Highlights & Insights¶
- The geometric reinterpretation of reliability diagrams as MisD precision tools is highly valuable, turning empirical observations into provable area relationships.
- The normalized sigmoid objective is elegant: \(\lambda \to \infty\) recovers calibration, while \(\lambda \to 0\) maximizes separation.
- The posterior design is practical for high-risk deployment, improving confidence ranking without risking the corruption of the original model's predictions.
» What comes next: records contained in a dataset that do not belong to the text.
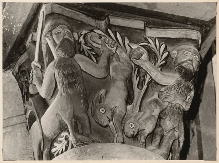 Chapiteau : Centaure et chasseur tenant des lièvres
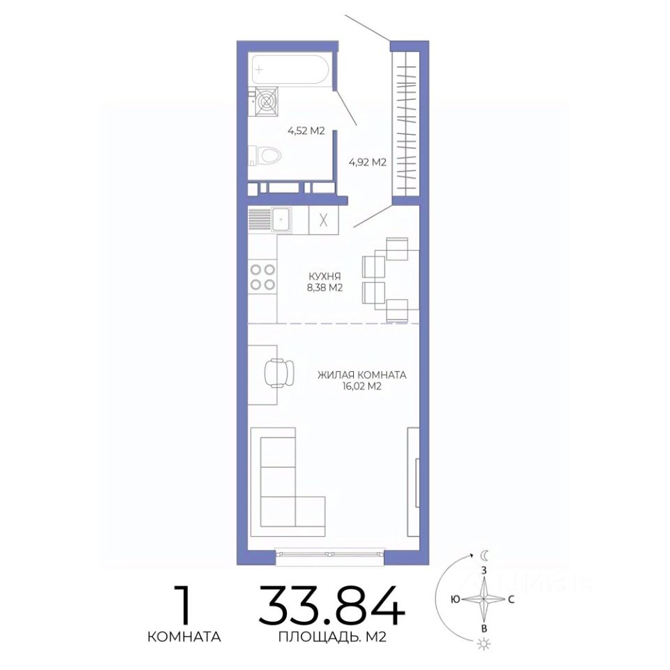 Продаётся 1-комнатная квартира в строящемся доме (дом 1), срок сдачи: II-кв. 2027, общей площадью 33.84 кв.м., на 12 этаже. Дизайнерская отделка.
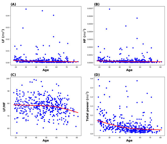 Association between age and the heart rate variability factors. Blue dots represent the scatterplot of age and the HRV factors (LF, HF, LF/HF, and TP). The red line is the LOESS line. (A) Association between age and LF, (B) association between age and HF, (C) association between age and the LF/HF ratio, (D) association between age and TP. HF, high frequency; LF, low frequency.
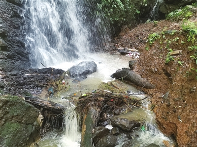 走到谷底,近看瀑布时,却让瀑布底下的杂物破坏了心情——这里搁积着不少杂物,有可乐瓶、矿泉水瓶、饮料盒、塑料泡沫板、枯枝、竹梢、杂草等,不一而足。与悬挂在半空中的白色的瀑布形成了强烈的对比。
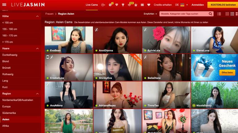 Diese HD-Cam-Shows sind vollgepackt mit Spielzeugen, die du mit Trinkgeldern steuern kannst, Cam-to-Cam-Möglichkeiten und vielem mehr. LiveJasmin veranstaltet sogar Wettbewerbe, damit die Asia Models noch mehr Inhalte für dich bereitstellen, und bietet dir regelmäßig Geschenke und Rabatte, die diese erstklassigen Shows noch erschwinglicher machen. Wenn du eine unvergessliche Wichs-Session mit atemberaubenden Asian Cam-Models erleben möchtest, probiere LiveJasmin aus.
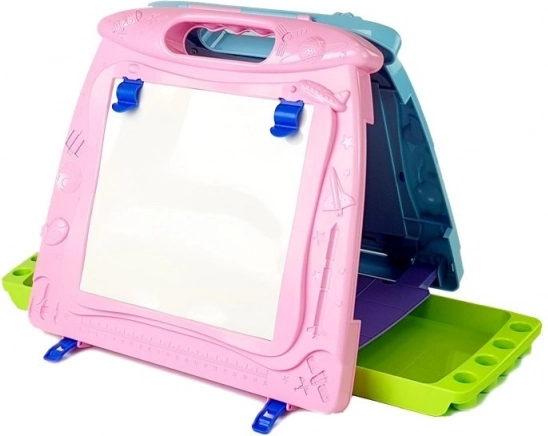 Ta vsestranska otroška tabla ponuja dve površini za neskončno risanje in pisanje: ena stran je primerna za izbrisne flomastre, druga za magnetno risanje s pisalom. Otroci se lahko k risbam kadar koli vrnejo ali jih z enim samim gibom hitro zbrišejo z drsnikom. Lahka zasnova s praktičnim ročajem in dvema stranskima predalčkoma poskrbi, da so vse potrebščine pri roki.
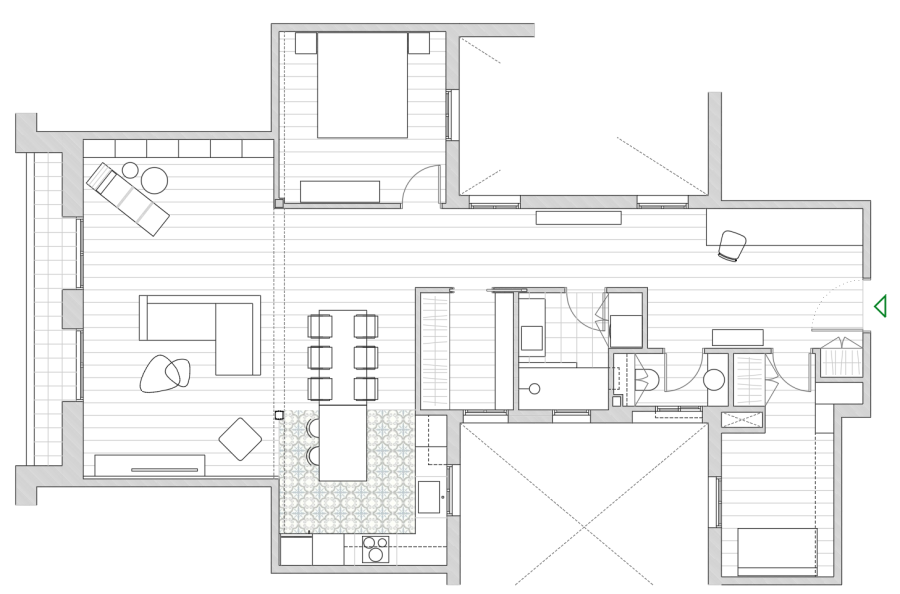 Esta área de paso da acceso a distintas piezas de la vivienda desembocando finalmente en la zona exterior en la que se ubica el estar, la zona de trabajo-lectura, el comedor y la cocina. Esta gran estancia, con frente a un balcón corrido, está bañada por la luz natural que recibe desde tres ángulos distintos.
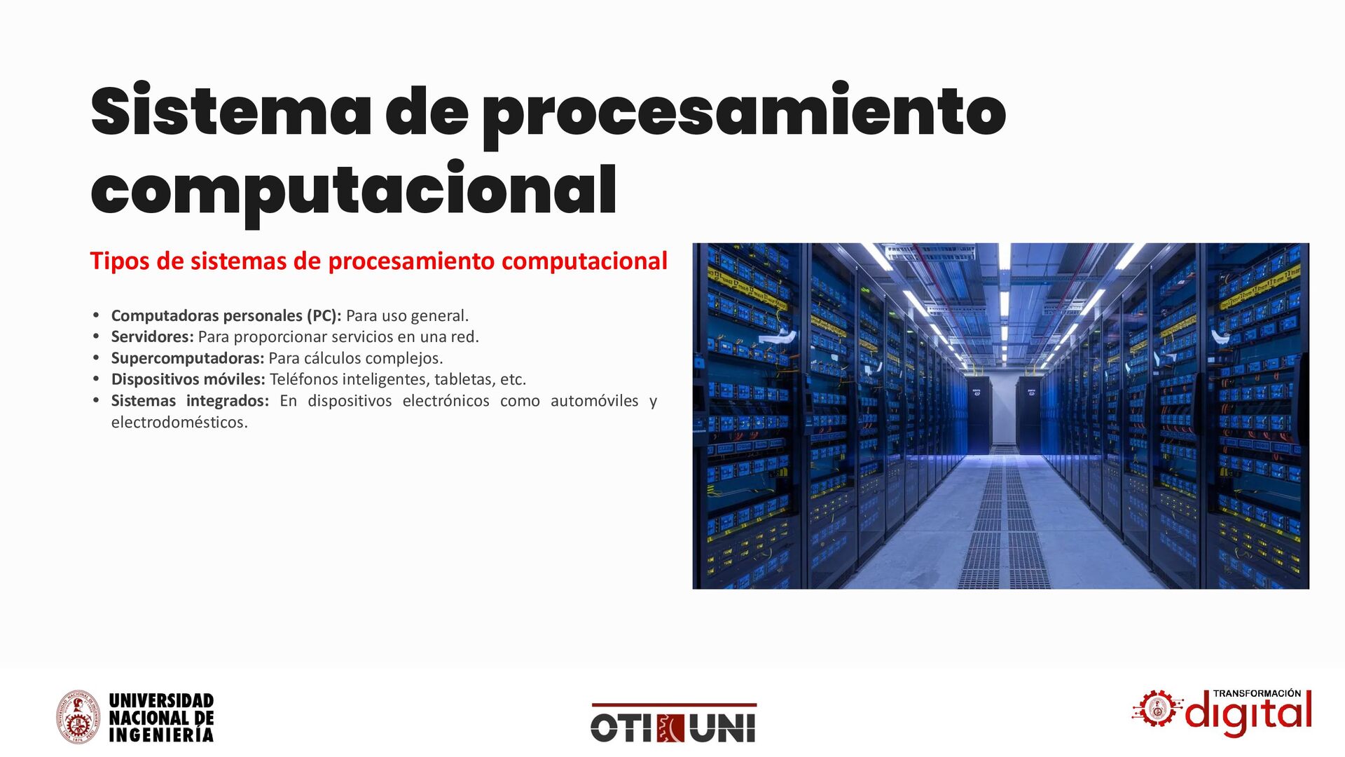 22. Sistema de procesamiento computacional Tipos de sistemas de procesamiento computacional
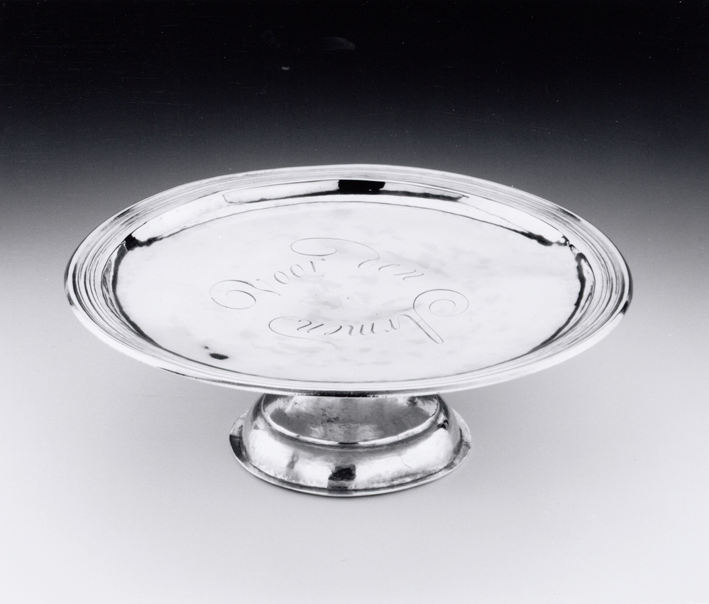Ronde zilveren presenteerschaal op gewelfde voet. Voet overgaand in diabolovormige stam. Vlakke schaal met opgelegde profielranden. Op middenveld is rondom gegraveerd: voor den Armen/.

- Forcing incorrect samples toward a uniform distribution is an intuitive way to mitigate "confident errors."
Limitations & Future Work¶
- Primarily focused on classification VLMs (CLIP family); extension to generative VLMs or open-ended QA is non-trivial as confidence definitions differ.
- Requires labeled calibration sets; mechanisms for estimating correctness in unlabeled scenarios remain a future direction.
- The default 0.5 threshold might not fit all application risk profiles; the curve shape could be driven by specific cost functions.
Related Work & Insights¶
- vs Temperature Scaling: TS uses a single global temperature for NLL/ECE; ours uses instance-level temperature for separation.
- vs FeatureClipping / DOR: These focus on alignment with empirical accuracy; ours identifies the theoretical upper bound of such approaches for MisD.
- vs ViLU / FSMisD: These treat MisD as a binary classification problem or use prompt-based strategies; ours directly reshapes the confidence ranking for better integration with existing calibration pipelines.
Rating¶
- Novelty: ⭐⭐⭐⭐☆ Theoretical derivation of MisD bounds from reliability diagrams is insightful.
- Experimental Thoroughness: ⭐⭐⭐⭐☆ Covers diverse datasets and backbones, though lacks generative VLM evaluation.
- Writing Quality: ⭐⭐⭐⭐☆ Solid logic; minor notation inconsistencies between body and appendix.
- Value: ⭐⭐⭐⭐☆ Highly practical for posterior VLM deployment in safety-critical systems.